*PROBLEM STATEMENT*
From the line that contains "Shower Room 1.87m" to the end of the entries, copy each line exactly, though the pictures stay out.

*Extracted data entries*
Content starts

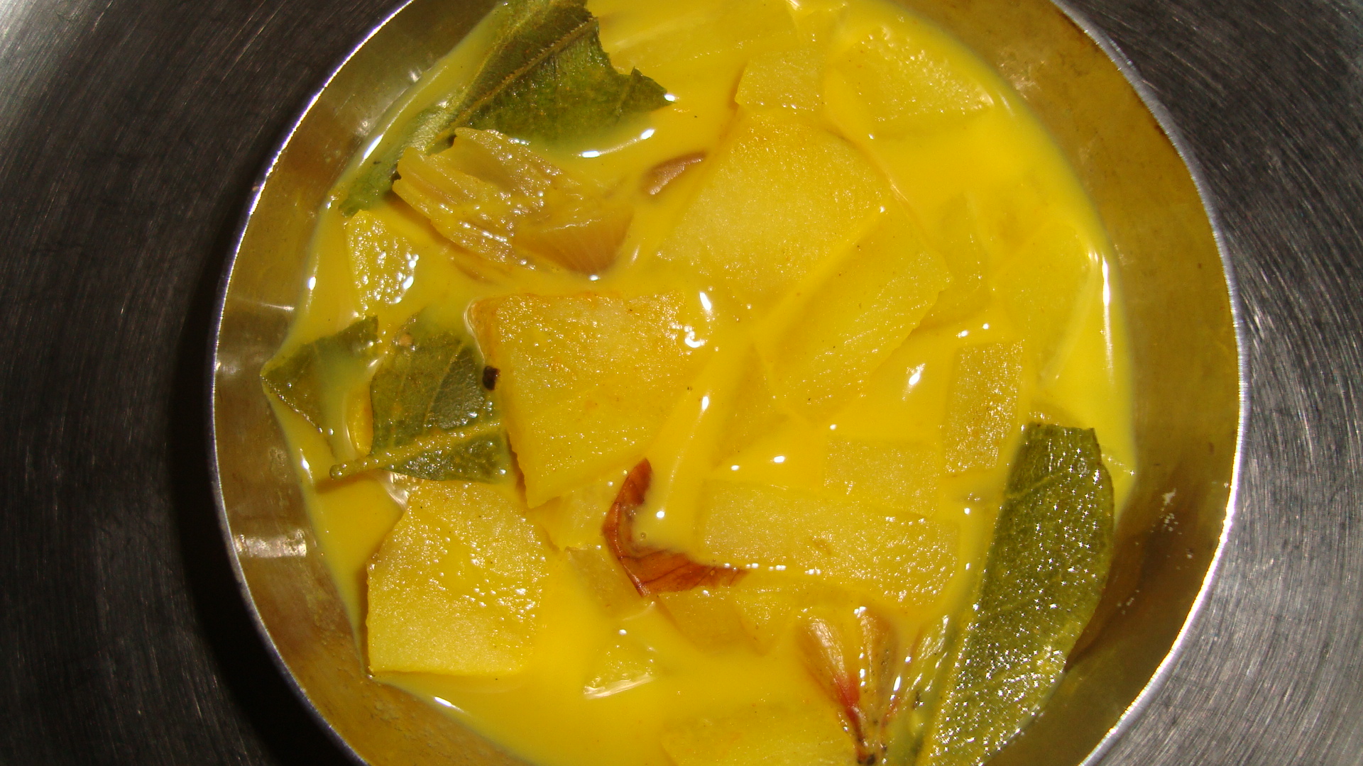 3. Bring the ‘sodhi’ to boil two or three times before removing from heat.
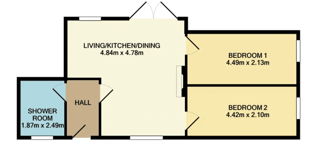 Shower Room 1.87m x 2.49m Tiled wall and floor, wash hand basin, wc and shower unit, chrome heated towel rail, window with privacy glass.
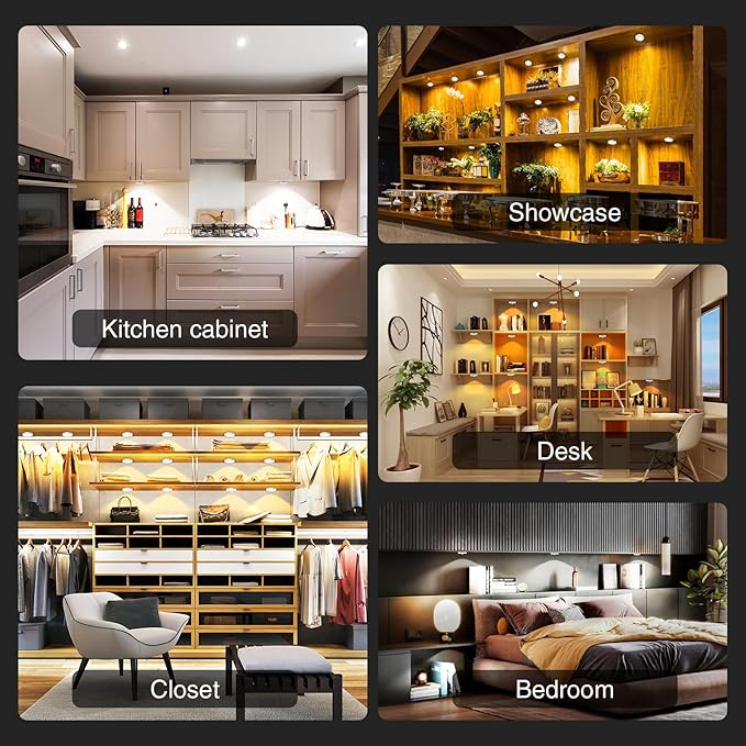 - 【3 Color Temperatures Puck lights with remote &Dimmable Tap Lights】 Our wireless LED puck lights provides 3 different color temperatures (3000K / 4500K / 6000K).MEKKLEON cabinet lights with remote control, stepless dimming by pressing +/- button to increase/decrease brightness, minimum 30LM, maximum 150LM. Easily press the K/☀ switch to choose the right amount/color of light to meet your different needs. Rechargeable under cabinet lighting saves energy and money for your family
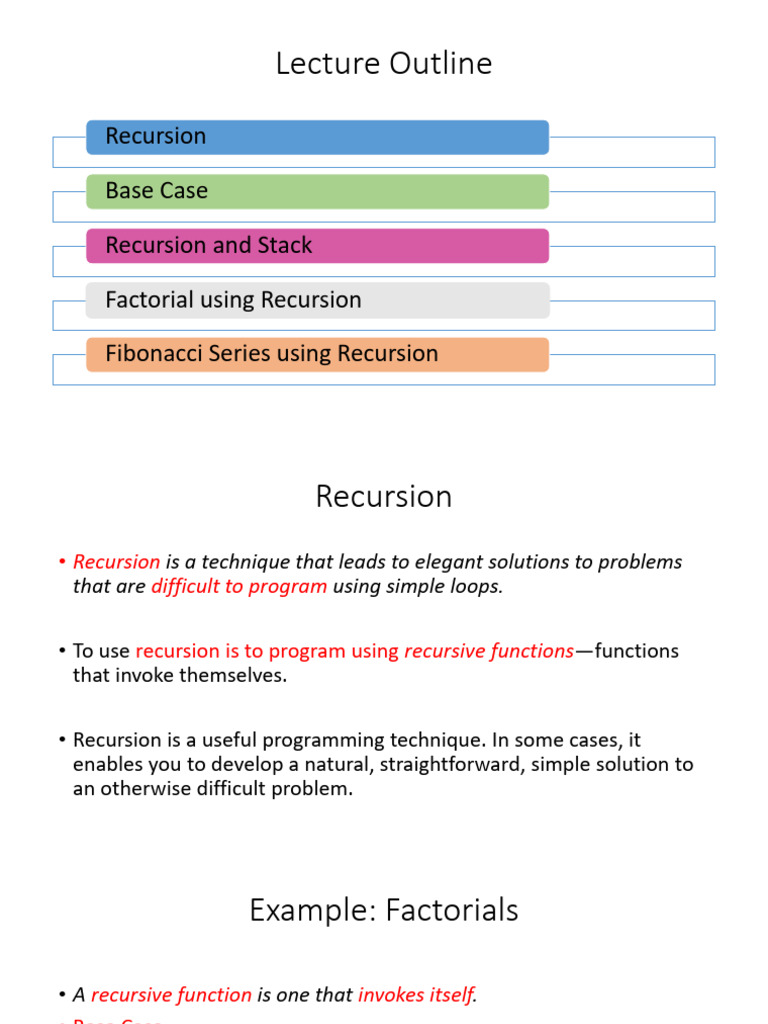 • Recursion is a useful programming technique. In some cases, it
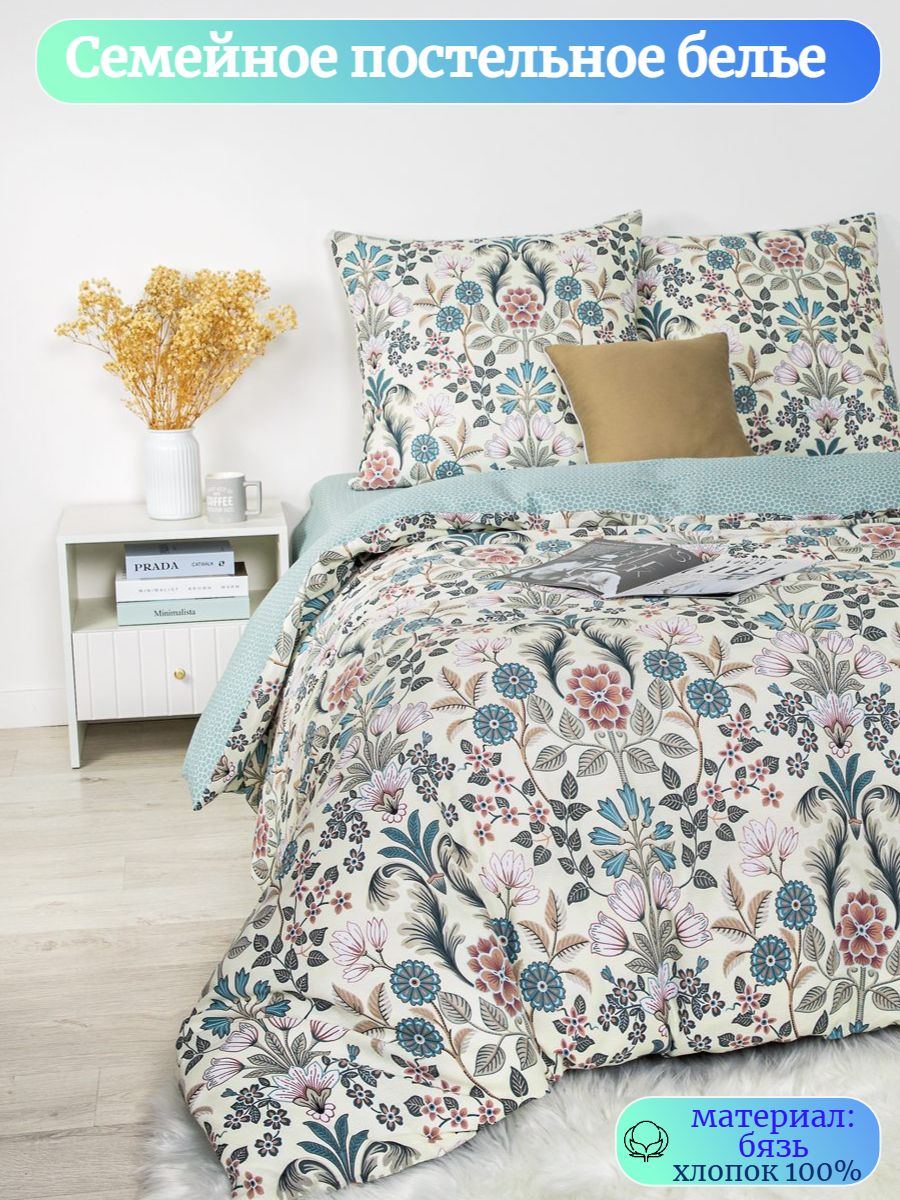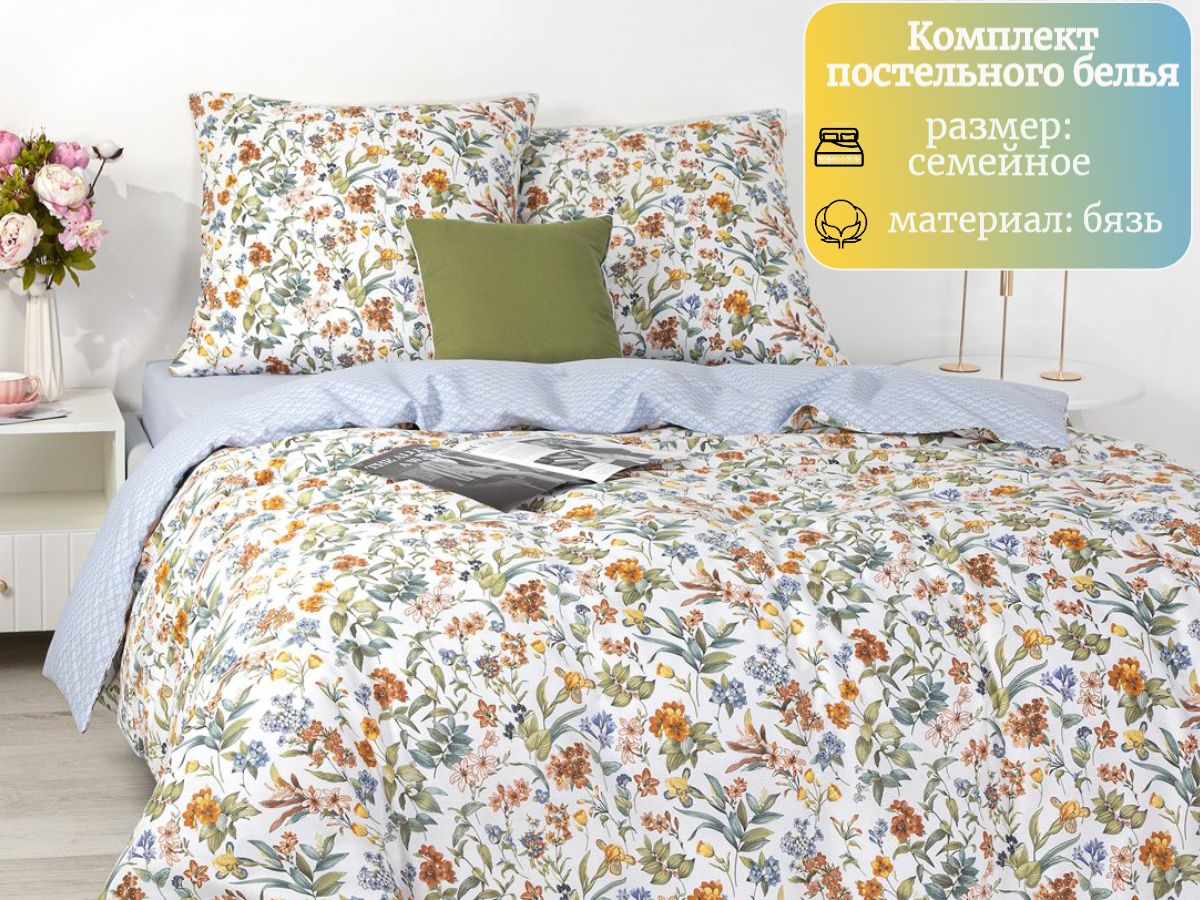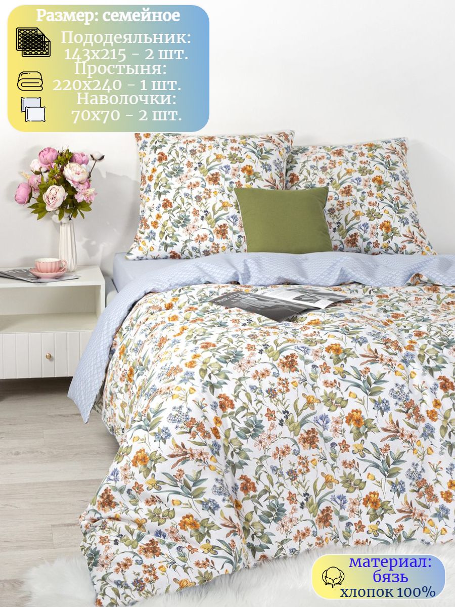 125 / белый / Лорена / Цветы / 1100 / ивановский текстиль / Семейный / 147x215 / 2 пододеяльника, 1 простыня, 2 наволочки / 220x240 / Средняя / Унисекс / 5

Content ends

*ANSWER BELOW*
 Shower Room 1.87m x 2.49m Tiled wall and floor, wash hand basin, wc and shower unit, chrome heated towel rail, window with privacy glass.
 - 【3 Color Temperatures Puck lights with remote &Dimmable Tap Lights】 Our wireless LED puck lights provides 3 different color temperatures (3000K / 4500K / 6000K).MEKKLEON cabinet lights with remote control, stepless dimming by pressing +/- button to increase/decrease brightness, minimum 30LM, maximum 150LM. Easily press the K/☀ switch to choose the right amount/color of light to meet your different needs. Rechargeable under cabinet lighting saves energy and money for your family
 • Recursion is a useful programming technique. In some cases, it
 125 / белый / Лорена / Цветы / 1100 / ивановский текстиль / Семейный / 147x215 / 2 пододеяльника, 1 простыня, 2 наволочки / 220x240 / Средняя / Унисекс / 5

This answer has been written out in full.